MCH lub średnia hemoglobina w krwinkach mierzy masę hemoglobiny w przeciętnych krwinkach czerwonych i zazwyczaj rośnie i spada równolegle z MCV.

rozszerzenie MCHC

MCHC lub średnie stężenie hemoglobiny w krwince mierzy ilość hemoglobiny obecnej w przeciętnej krwince czerwonej w stosunku do jej wielkości.

rozszerzenie RWD

RDW lub objętość dystrybucji erytrocytów wyraża zmienność wielkości erytrocytów, zwaną anizocytozą.

Wzrost tego wskaźnika mógłby poprzedzać zmianę MCV i być razem z nim stosowany w klasyfikacji niedokrwistości.

Liczba retikulocytów

Retikulocyty to „młode” krwinki czerwone, które w przeciwieństwie do dojrzałych komórek pozbawionych jądra nadal zawierają jądrowy materiał genetyczny.

Liczba retikulocytów, która jest podawana jako procent całkowitej liczby czerwonych krwinek, wyraża zdolność szpiku kostnego do wytwarzania czerwonych krwinek.

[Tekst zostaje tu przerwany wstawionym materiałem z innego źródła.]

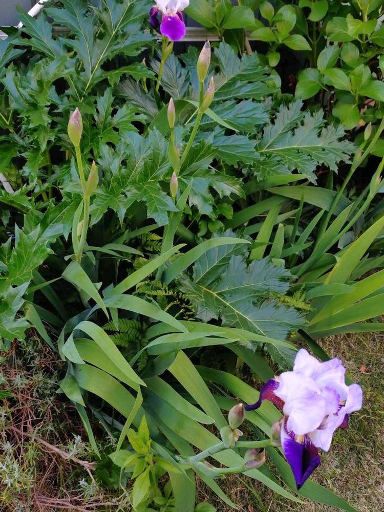 庭の花が、咲いたと、隣のお姉さんが、ラインで、知らせてくれました😍💚ジャーマンアイリス💜4年目💜

Pozwala to na wstępne rozróżnienie między niedokrwistością ze zmniejszoną produkcją spowodowaną niewydolnością szpiku kostnego a niedokrwistością spowodowaną innymi przyczynami. W praktyce, gdy pojawia się anemia, szpik stara się to zrekompensować, wytwarzając więcej krwinek czerwonych, w wyniku czego wzrasta odsetek krążących retikulocytów.

Białe krwinki lub leukocyty

Białe krwinki lub leukocyty dzielą się na neutrofile, monocyty, limfocyty, eozynofile i bazofile.

Pojedynczy lub połączony wzrost lub spadek każdej z tych komórek może odpowiednio spowodować leukocytozę (> 11,000 3/mmXNUMX), tj. wzrost lub leukopenię, tj. spadek liczby białych krwinek.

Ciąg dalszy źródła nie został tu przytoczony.